A greater component, however, is located in the energy demand resulting from the building of entire new cities, whole districts designed to allow existing urban areas to expand, and massive industrial plants that will never reach anywhere close to designed usage.
China leads the world in steel and aluminum production. Yet less of that is genuinely needed. It has the largest forges and most extensive metal working found anywhere. But much of that capacity is effectively mothballed.
The number of new apartment and condo complexes dwarfs anything found elsewhere. However, what had been portrayed as necessary to move rural populations into central locations to serve expanding factory production is now essentially over. The ever-expanding market of new housing is not intended for such internal migrants. Few in that population could afford the rising costs anyway.
The Sparkle in Your Ghost Cities
So long as the value of residential units appreciate, they remain as domestic holders of asset value, and thereby attractive examples of paper wealth for many individual Chinese.
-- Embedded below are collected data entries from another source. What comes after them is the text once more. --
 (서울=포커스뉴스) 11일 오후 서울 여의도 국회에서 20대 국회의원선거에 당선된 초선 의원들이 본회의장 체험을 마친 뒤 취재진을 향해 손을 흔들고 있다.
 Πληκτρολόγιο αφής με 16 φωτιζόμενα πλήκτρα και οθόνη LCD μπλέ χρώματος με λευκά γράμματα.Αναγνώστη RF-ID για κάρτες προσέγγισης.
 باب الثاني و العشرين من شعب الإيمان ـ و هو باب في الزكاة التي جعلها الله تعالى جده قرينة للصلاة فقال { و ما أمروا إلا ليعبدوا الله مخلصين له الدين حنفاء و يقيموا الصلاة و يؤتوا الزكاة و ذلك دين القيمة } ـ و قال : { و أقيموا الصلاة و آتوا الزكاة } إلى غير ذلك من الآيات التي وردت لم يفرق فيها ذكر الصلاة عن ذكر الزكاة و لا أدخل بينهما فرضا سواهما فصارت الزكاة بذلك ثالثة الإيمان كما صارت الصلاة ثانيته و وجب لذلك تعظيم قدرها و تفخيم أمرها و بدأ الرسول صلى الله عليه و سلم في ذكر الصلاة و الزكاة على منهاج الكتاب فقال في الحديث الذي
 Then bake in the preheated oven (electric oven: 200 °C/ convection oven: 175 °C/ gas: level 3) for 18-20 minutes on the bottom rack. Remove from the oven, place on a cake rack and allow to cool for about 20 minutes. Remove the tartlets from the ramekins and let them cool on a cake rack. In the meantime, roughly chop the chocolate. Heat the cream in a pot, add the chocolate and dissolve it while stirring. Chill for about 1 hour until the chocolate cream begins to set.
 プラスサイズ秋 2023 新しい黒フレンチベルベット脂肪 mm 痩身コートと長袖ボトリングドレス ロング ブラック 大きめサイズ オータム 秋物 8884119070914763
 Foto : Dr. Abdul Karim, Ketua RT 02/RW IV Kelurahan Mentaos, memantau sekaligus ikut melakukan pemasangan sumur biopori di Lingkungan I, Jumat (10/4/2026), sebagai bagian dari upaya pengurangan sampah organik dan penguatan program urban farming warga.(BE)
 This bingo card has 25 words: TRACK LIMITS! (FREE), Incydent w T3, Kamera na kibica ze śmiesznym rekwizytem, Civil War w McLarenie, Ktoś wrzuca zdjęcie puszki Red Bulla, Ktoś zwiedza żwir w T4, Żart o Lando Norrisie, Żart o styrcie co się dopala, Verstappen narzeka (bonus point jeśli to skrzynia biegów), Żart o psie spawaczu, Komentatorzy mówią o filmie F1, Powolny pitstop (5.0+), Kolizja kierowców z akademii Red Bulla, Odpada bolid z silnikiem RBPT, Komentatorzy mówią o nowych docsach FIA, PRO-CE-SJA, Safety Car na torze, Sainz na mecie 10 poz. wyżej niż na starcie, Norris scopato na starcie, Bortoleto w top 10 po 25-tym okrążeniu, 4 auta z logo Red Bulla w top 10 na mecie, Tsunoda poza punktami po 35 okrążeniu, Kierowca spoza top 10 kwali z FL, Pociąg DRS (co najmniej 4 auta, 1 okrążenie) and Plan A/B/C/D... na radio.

Meanwhile, the weight of empty new cities falls on the books of local governments who then rely on the shadow banking sector to offset the cost of the huge debt incurred in the construction of urban services, facilities, and support in the absence of residents.
Contemporary China has increasingly operated in ways that seem to violate basic economic principles. Its expansion seems less a result of normal market demand and more an essential tool used to soak up excess credit.
As the continuing need for more energy becomes dependent upon this curious physical development, one must ask how long the bubble can last.
To my amazement, the answer being offered by my Chinese colleagues is not what I had expected. While most recognize that the situation appears unsustainable by traditional analysis, they point out what is fundamentally different in this case.
As one put it succinctly during an email exchange: “There are important differences when it comes to China: the extent of the territory; the size of the population; and a central government committed to expansion.”
He then added this later: “Beijing will not allow the assets accumulated by the people to evaporate. The people, in turn, know that.”
I’ll leave with this final observation. Of all the Chinese energy expert contacts with whom I have discussed this issue, most having lived or studied in the West, none believes the rising mainland Chinese energy need will be slowing anytime soon.
Notwithstanding the unusual credit and expenditure environment in which it exists.